Теперь главное было – пропасть из виду, но при этом не налететь на патруль. Мы положились на быстроту наших ног и, завернув за угол, нырнули в Малую Замковую улицу, оттуда – в Монастырскую и, в конце концов, выбежали к Дворянскому собранию. Сейчас, вспоминая ту ночь, я вижу, что нас спасло чудо.
– Держите, сударь, – сказал Гаврюша, тыча мне в руки нечто мягкое.
– Что это?
– Добыча.
– Какая еще добыча?
– С головы у мерзавца сорвал. Сдается, парик.
Мы стали искать, где бы досидеть до утра. В том же Санкт-Петербурге довольно всяких сараев во дворах, но в Рижской крепости каждая пядь земли на счету, дрова хранят в подвалах, а подвал плох тем, что спуститься-то в него дегко – выставил окно, выходящее на улицу на уровне твоих колен, да и соскочил, а выбираться как прикажете? Тем более, что во многих подвалах сделаны у окон откосы, чтобы удобнее спускать дрова или при нужде что-то вытягивать наружу. Наконец мы нашли какую-то щель в стене возле Яковлевской кирхи, забрались туда, уселись за землю и, поговорив малость, задремали.
Когда рассвело, мы разглядели парик внимательно. Он был уже старый, засаленный, и вороные кудри навели нас обоих на одну и ту же мысль:
– Уж не Казимира ли мы застали в комнате покойного итальянца?
Мы привыкли считать его подростком – его живая, худая, мальчишеская фигурка к тому располагала, он был одного роста с Ваней. Но странный это, однако, подросток – в парике! Допустим, для участия в представлении парик зачем-то нужен – красоты придает, что ли? Но представление завершилось – снимай его и напяливай на деревянного болвана, как делали наши деды при покойной государыне Елизавете Петровне.
Так и не поняв, точно ли это был он, мы стали соображать – как же теперь выбираться отсюда. Ворота отворяются рано – в крепость впускают прислугу, которая весь день служит хозяевам, а ночевать уходит в предместья; впускали разносчиков, зеленщиков с их корзинами, молочников с их бочатами; множество всякого народа, который кормится в крепости. Додумались до того, что нужно сперва оказаться у склада за реформатской церковью, в котором Ларионовы спокон веку нанимали то один, то два яруса. А там уж Гаврюша сразу найдет знакомцев, и мы выйдем в Московский форштадт с какими-нибудь мешками на плечах и невинным выражением физиономий.

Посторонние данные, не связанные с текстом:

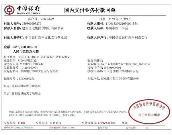 建业集团向郑州市红十字会捐赠现金500万元设立“建业防汛抗灾专项基金”,并同时采购救援物资支持受灾地区与群众。
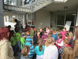 Učenci so si najprej ogledali pomlad z dvorišča, potem pa so reševali delovne liste. Z gospodom Gorazdom so sadili drevesa in semena. Predstavil jim je setev rastlin, zgradbo semena in pa vrste rastlin. Napolnili so lončke z zemljo in sadili semena.
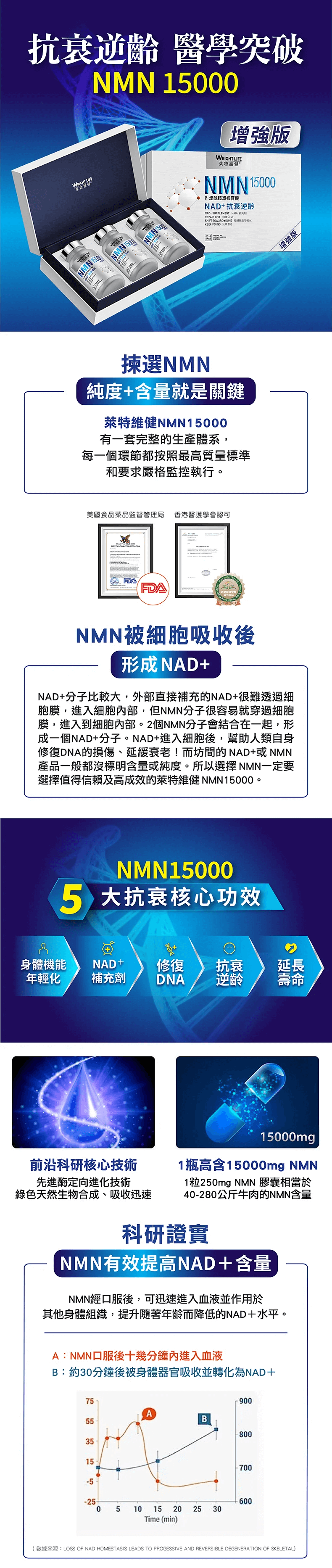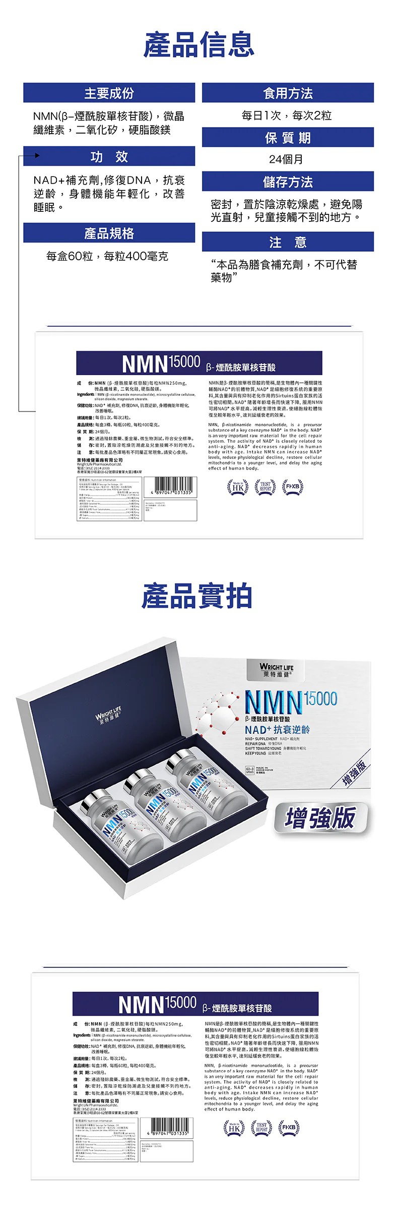 NMN15000 (單樽) 60粒x 3樽(禮盒裝)【萊特維健】NMN15000 β-煙酰胺單核苷酸 NAD+【正品】WRIGHT LIFE

Можно было держать пари, что хозяева «Петербурга» уже отнесли в полицию явочную, в которой самым злодейским образом расписали и грабеж, и ущерб обеденному залу, и наши приметы.
Наконец мы оказались в Гостином Дворе и отыскали Яшку Ларионова.
Купчина от наших подвигов в восторг не пришел, но и в панику не ударился.
– А то я не найду, где вас в русской Риге спрятать? – спросил он.
– Спрятаться нетрудно, – отвечал я. – Но я сюда приехал за племянником. И сейчас я уж беспокоиться начал – а жив ли он? Надобно найти в цирке своего человека. Я ему заплачу – лишь бы растолковал, что там за чертовщина творится.
– Хм… – задумчиво произнес Яшка. – А ведь человечек-то такой у нас есть. Только подход нужен особенный…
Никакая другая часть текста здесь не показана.